◆ **What is required**
Look through the data below and report how many lines include "from". Only the number should be given.

Dataset entries:
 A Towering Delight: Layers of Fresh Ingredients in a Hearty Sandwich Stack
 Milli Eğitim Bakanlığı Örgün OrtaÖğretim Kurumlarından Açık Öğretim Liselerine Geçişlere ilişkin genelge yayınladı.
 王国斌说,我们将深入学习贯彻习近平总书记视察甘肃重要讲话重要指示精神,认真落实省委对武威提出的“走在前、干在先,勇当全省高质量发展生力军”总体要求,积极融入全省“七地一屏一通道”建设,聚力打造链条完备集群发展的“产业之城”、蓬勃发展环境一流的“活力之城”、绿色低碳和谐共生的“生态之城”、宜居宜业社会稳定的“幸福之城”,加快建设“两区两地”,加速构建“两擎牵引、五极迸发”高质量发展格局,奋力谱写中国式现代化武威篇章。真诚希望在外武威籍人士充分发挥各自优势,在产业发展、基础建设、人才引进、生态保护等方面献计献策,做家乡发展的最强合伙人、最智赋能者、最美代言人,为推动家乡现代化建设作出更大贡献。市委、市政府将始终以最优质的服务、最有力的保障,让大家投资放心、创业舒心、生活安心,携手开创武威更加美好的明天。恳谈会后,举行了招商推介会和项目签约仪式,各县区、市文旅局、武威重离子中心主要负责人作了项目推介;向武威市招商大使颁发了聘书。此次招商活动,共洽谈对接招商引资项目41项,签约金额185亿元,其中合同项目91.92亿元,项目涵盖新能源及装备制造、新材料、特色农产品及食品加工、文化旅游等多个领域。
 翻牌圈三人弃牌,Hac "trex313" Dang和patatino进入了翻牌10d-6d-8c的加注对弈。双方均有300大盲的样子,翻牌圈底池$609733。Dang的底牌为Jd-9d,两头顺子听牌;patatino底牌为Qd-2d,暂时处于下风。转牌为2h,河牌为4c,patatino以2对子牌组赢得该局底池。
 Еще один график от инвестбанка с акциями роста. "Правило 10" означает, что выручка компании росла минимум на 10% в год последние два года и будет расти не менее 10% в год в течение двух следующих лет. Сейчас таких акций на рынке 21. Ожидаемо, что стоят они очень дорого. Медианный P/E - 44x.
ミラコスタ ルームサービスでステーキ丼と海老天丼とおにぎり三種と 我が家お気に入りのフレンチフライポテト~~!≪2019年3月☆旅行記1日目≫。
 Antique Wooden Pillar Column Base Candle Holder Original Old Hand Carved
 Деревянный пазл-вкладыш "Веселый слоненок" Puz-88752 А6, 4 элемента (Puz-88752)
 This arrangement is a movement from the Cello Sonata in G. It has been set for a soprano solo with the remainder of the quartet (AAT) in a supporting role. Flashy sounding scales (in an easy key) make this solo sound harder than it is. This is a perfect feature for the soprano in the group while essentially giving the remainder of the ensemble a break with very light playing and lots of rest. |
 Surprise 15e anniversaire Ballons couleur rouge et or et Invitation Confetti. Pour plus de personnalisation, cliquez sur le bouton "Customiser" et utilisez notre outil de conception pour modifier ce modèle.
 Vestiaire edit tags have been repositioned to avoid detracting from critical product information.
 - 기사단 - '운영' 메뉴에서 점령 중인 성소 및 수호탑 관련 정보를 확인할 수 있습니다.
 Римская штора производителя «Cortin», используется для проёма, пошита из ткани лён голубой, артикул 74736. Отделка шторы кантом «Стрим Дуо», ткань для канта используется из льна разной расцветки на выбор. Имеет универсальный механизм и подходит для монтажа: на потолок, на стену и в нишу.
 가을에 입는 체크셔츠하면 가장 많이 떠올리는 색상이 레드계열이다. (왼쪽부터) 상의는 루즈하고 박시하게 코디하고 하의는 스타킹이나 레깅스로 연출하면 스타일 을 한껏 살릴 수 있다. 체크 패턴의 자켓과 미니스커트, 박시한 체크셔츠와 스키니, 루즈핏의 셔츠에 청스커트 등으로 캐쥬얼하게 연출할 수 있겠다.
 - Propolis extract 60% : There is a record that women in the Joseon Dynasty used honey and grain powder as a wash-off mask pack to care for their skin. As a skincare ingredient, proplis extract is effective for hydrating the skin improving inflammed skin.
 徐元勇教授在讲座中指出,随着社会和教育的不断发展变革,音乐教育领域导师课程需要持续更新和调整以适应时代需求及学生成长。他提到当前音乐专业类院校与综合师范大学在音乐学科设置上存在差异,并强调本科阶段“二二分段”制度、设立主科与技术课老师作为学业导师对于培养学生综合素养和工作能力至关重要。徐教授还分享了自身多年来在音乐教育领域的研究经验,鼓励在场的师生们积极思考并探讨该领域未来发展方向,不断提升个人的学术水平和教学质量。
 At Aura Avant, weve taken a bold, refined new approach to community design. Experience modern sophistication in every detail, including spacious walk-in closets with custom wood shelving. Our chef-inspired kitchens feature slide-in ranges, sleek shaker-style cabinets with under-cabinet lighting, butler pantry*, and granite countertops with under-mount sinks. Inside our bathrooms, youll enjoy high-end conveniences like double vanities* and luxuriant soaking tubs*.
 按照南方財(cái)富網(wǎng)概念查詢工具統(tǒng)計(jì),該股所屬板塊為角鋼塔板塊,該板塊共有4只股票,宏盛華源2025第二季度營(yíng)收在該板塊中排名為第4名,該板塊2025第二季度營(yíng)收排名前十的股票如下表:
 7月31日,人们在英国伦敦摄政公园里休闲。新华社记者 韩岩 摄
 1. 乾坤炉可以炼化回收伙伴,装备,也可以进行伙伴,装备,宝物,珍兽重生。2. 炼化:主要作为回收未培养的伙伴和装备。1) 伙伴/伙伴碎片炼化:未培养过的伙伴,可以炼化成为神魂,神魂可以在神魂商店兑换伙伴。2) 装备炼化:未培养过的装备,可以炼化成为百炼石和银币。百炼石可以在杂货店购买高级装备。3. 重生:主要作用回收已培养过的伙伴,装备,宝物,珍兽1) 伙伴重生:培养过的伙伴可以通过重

◆ **Solution to this task**
2